Store-bought crackers have nothing on these cheesy crisps. Make them in advance and keep them handy in an airtight container for anytime snacking.—Taste Recipes Test Kitchen

Homemade Crisp Crackers

Homemade Crisp Crackers
Prep Time
20 min
Cook Time
20 min
Yield
4 dozen
Ingredients
- 1-3/4 cups all-purpose flour
- 1/2 cup cornmeal
- 1/2 teaspoon baking soda
- 1/2 teaspoon sugar
- 1/2 teaspoon salt
- 1/2 teaspoon garlic powder
- 1/4 teaspoon Italian seasoning
- 1/2 cup cold butter, cubed
- 1-1/2 cups shredded Colby-Monterey Jack cheese
- 1/2 cup plus 2 tablespoons cold water
- 2 tablespoons cider vinegar
Directions
- In a large bowl, combine the first 7 ingredients; cut in butter until crumbly.
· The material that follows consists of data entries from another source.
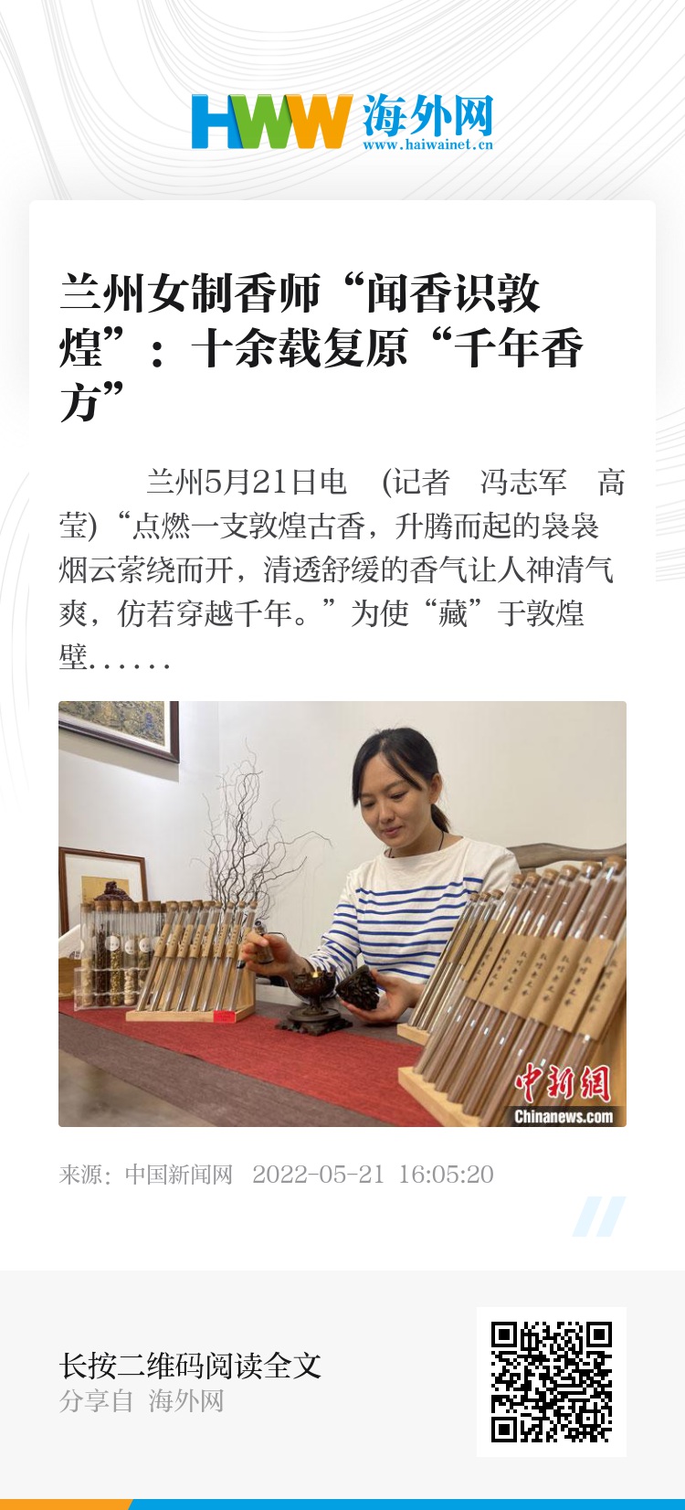 中新网兰州5月21日电 (记者 冯志军 高莹)“点燃一支敦煌古香,升腾而起的袅袅烟云萦绕而开,清透舒缓的香气让人神清气爽,仿若穿越千年。”为使“藏”于敦煌壁画和文献里的千年古香,在现代中生活飘香,兰州制香师鲁雯十余年频繁前往敦煌寻找“香方”,通过与专家沟通和搜寻敦煌文献等史料记载,每年都有五六款敦煌古香被复原。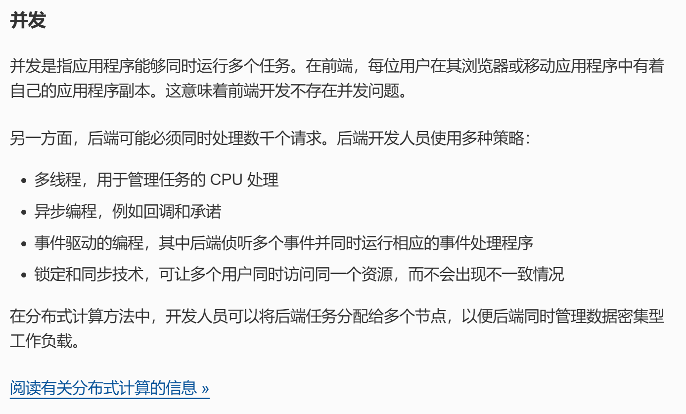 | 并发 | 每位用户都有自己的应用程序副本,因此前端不必处理并发问题。 | 后端使用多种策略同时处理成千上万的用户请求。 |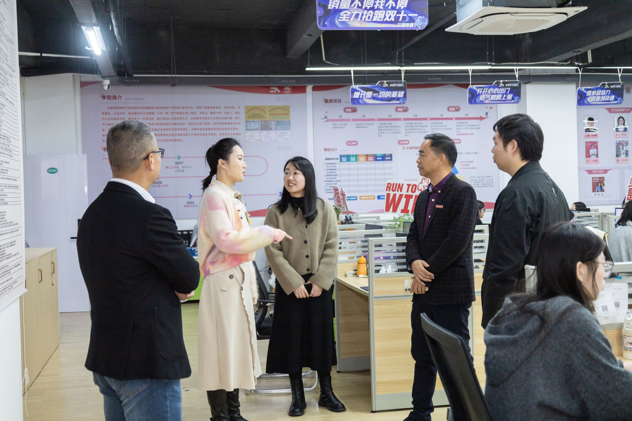 调研组深入校园,实地考察了校史馆、艺术设计展厅、党建馆、数智产教融合展厅、能源学院、拾德书院、行云新能源产业学院、安踏电商服务产业学院、艺术工坊、金鸿智联有限公司等校内生产性实训基地,对学校特色的育人理念和育人成效给予高度评价。在随后的座谈会上,来自工学院、联合创新产业学院、能源学院、人居环境学院、商学院、教育学院、艺术传媒学院的12名师生代表,结合自身经历讲述了技能成长道路上的坚守与突破。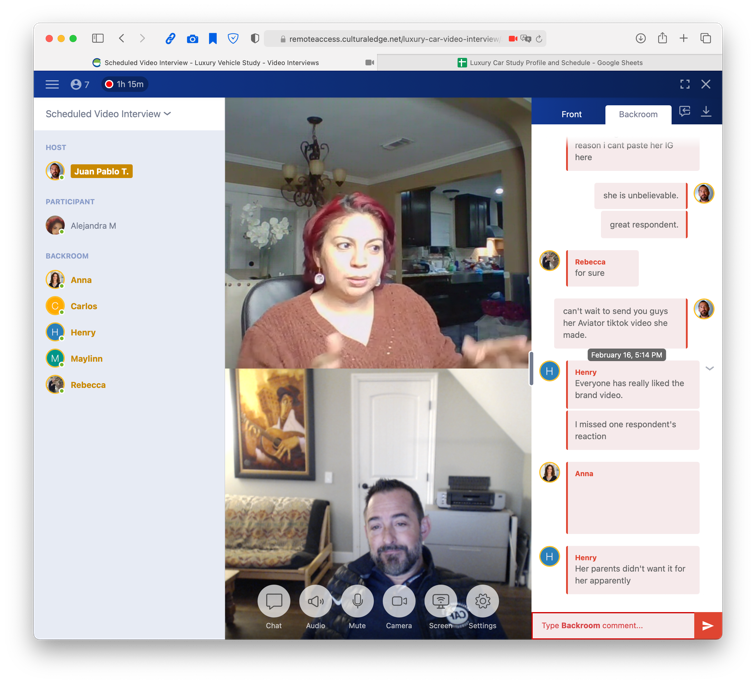 Live video group (or one-on-one) discussions conducted virtually with a one-way client backroom for observers. Simple, easy to use interface for both client observers and participants makes for insightful conversations and deeper insights. Bring your own snacks. LEARN MORE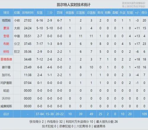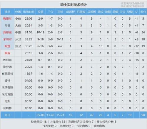 凱爾特人和騎士的比賽數據: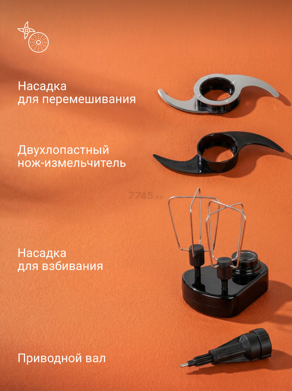 - Насадка для измельчения — подходит для овощей, зелени и мягких продуктов.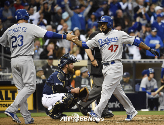 메이저리그 LA다저스의 하위 켄트릭(오른쪽)이 26일(한국시각) 미국 샌디에고 펫코파크에서 열린 샌디에고 파드리스와의 원정경기에서 5회 2점 홈런을 치고 홈에 들어오면서 팀 동료 애드리안 곤잘레스와 하이파이브를 나누고 있다. ⓒAFPBBNews = News1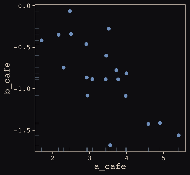 Let’s make sure we’re keeping this all straight. a_cafe = our café-specific intercepts; b_cafe = our café-specific slopes. These aren’t the actual data, yet. But at this stage, it might make sense to ask What’s the distribution of a_cafe and b_cafe? Our variant of Figure 13.2 contains the answer.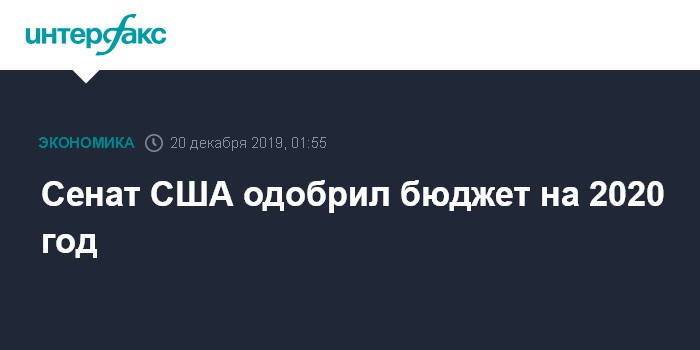 Москва. 20 декабря. INTERFAX.RU - Сенат США в четверг, 19 декабря, принял федеральный бюджет на 2020 год, сообщает Associated Press.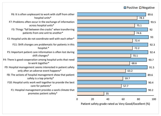Percentage of overall patient safety grade (very good/excellent) based on positive or negative feedback related to the hospital. * Significant difference between positive and negative groups p < 0.05.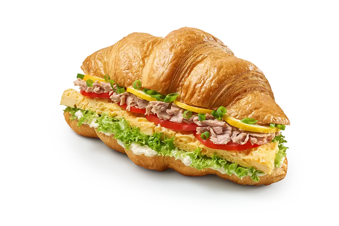 круасан, тунець, зелена цибуля, яєчня, помідор, лимон, салат Лолло Біонда, соус Класичний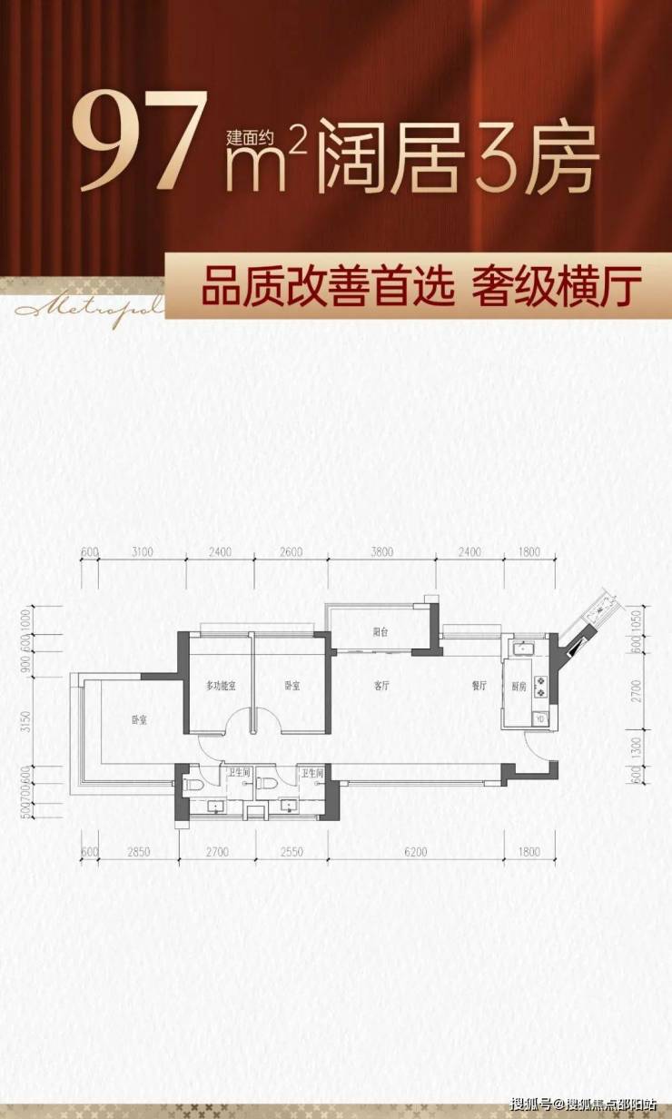 94㎡的3房2厅2卫,设计的是横厅南北通透格局,客餐厅6.3米开间,LDKB一体化,四开间朝南,卧室全南向,3个卧室分别做到了主卧15.3㎡/次卧8.5㎡/次卧8.16㎡(包含墙体飘窗),L型厨房,公卫三段式分离,得房率约77%(不含赠送),阳台主朝东北向。97㎡的3房2厅2卫,设计的是横厅南北通透格局,客餐厅6.2米开间,LDKB一体化,四开间朝南,3个卧室分别做到了主卧13.87㎡/次卧8.58㎡/次卧7.92㎡(包含墙体飘窗),L型厨房,卫生间干湿分离,得房率约77%(不含赠送),阳台主朝东北向。

Stir in cheese. Gradually add water and vinegar, tossing with a fork until dough forms a ball. Wrap securely in waxed paper and refrigerate for 1 hour or until firm.
- Divide into 6 portions. On a lightly floured surface, roll each portion into an 8-in. circle. Cut into 8 wedges and place on greased baking sheets.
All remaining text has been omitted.